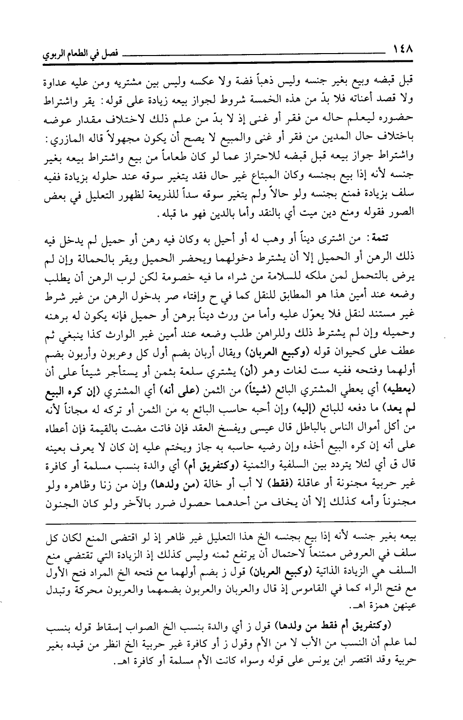 تتمة: من اشترى دينًا أو وهب له أو أحيل به وكان فيه رهن أو حميل لم يدخل فيه ذلك الرهن أو الحميل إلا أن يشترط دخولهما ويحضر الحميل ويقر بالحمالة وإن لم يرض بالتحمل لمن ملكه للسلامة من شراء ما فيه خصومة لكن لرب الرهن أن يطلب وضعه عند أمين هذا هو المطابق للنقل كما في ح وإفتاء صر بدخول الرهن من غير شرط غير مستند لنقل فلا يعول عليه وأما من ورث دينًا برهن أو حميل فإنه يكون له برهنه وحميله وإن لم يشترط ذلك وللراهن طلب وضعه عند أمين غير الوارث كذا ينبغي ثم عطف على كحيوان قوله (وكبيع العربان) ويقال أربان بضم أول كل وعربون وأربون بضم أولهما وفتحه ففيه ست لغات وهو (أن) يشتري سلعة بثمن أو يستأجر شيئًا على أن (يعطيه) أي يعطي المشتري البائع (شيئًا) من الثمن (على أنه) أي المشتري (إن كره البيع لم يعد) ما دفعه للبائع (إليه) وإن أحبه حاسب البائع به من الثمن أو تركه له مجانًا لأنه من أكل أموال الناس بالباطل قال عيسى ويفسخ العقد فإن فاتت مضت بالقيمة فإن أعطاه على أنه إن كره البيع أخذه وإن رضيه حاسبه به جاز ويختم عليه إن كان لا يعرف بعينه قال ق أي لئلا يتردد بين السلفية والثمنية (وكتفريق أم) أي والدة بنسب مسلمة أو كافرة غير حربية مجنونة أو عاقلة (فقط) لا أب أو خالة (من ولدها) وإن من زنا وظاهره ولو مجنونًا وأمه كذلك إلا أن يخاف من أحدهما حصول ضرر بالآخر ولو كان الجنون
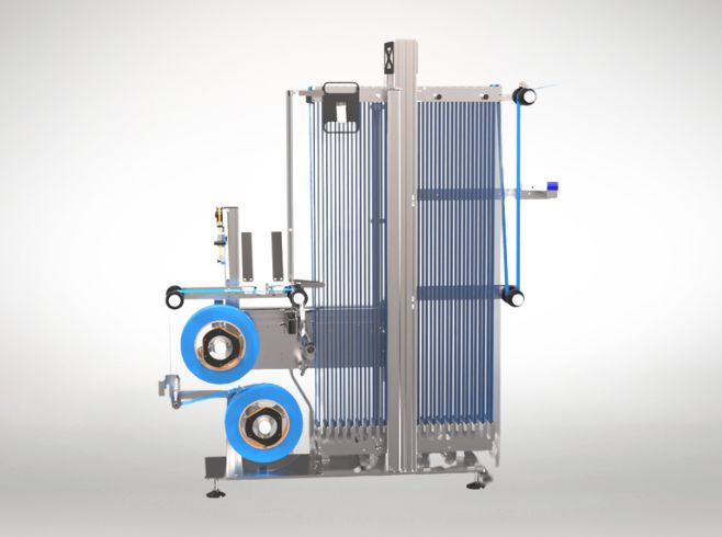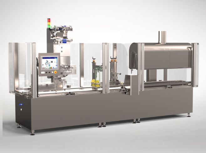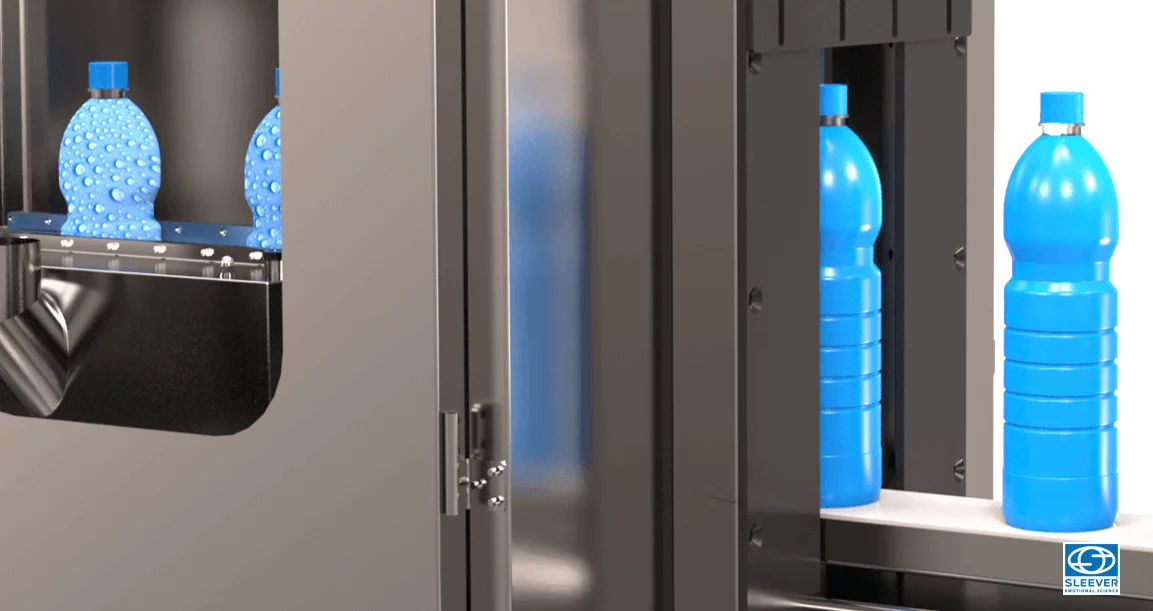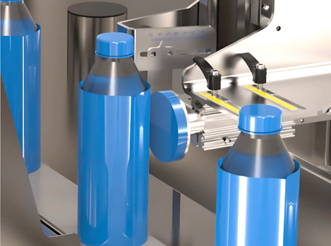 Pour travailler à haute cadence en conditions humides, cette machine est équipée de modules pour garantir la performance et la qualité des produits: module de séchage en entrée pour faciliter la dépose du sleeve, dispositif d’orientation pour les formes complexes, et système de contrôle et d’éjection.
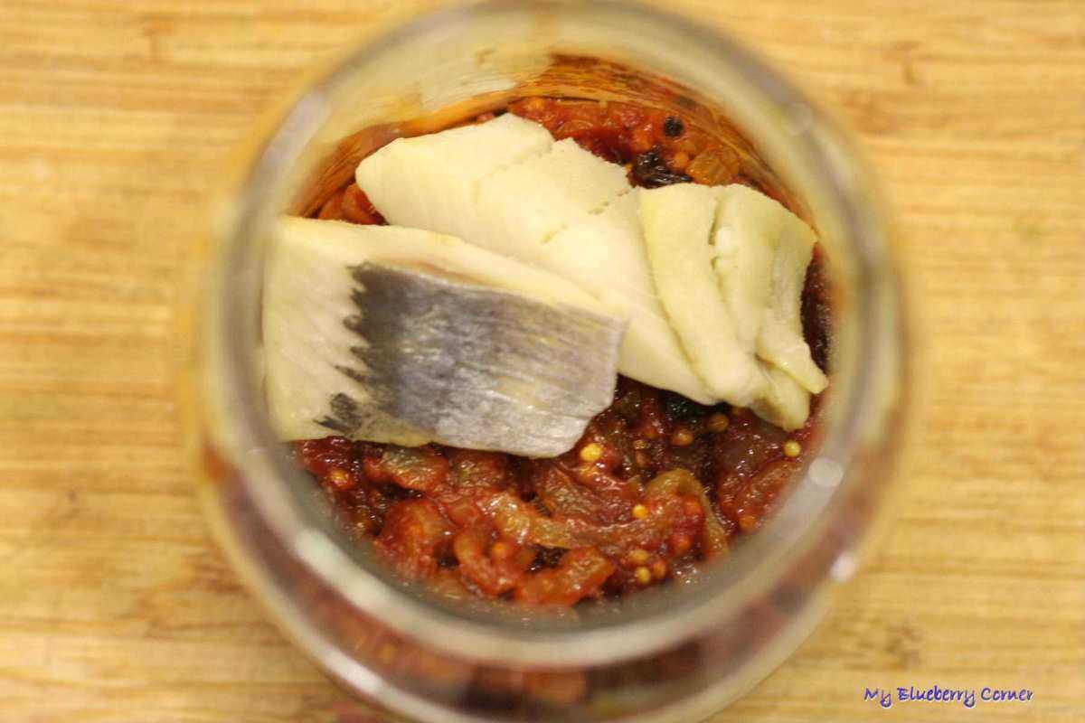 Układać w słoiku warstwami śledzie na zmianę z marynatą.
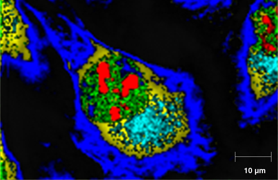 Gather chemical information and produce 3-D views of your samples, and use these to verify the uptake of materials by cells. You can also determine the volumes of the cell and its organelles.

- _Your goal_:
Reproduce the final stretch of lines exactly: the line containing "Układać w słoiku" through the last line of the data, both included. Pictures do not belong in the copy.

- _Worked solution_:
 Układać w słoiku warstwami śledzie na zmianę z marynatą.
 Gather chemical information and produce 3-D views of your samples, and use these to verify the uptake of materials by cells. You can also determine the volumes of the cell and its organelles.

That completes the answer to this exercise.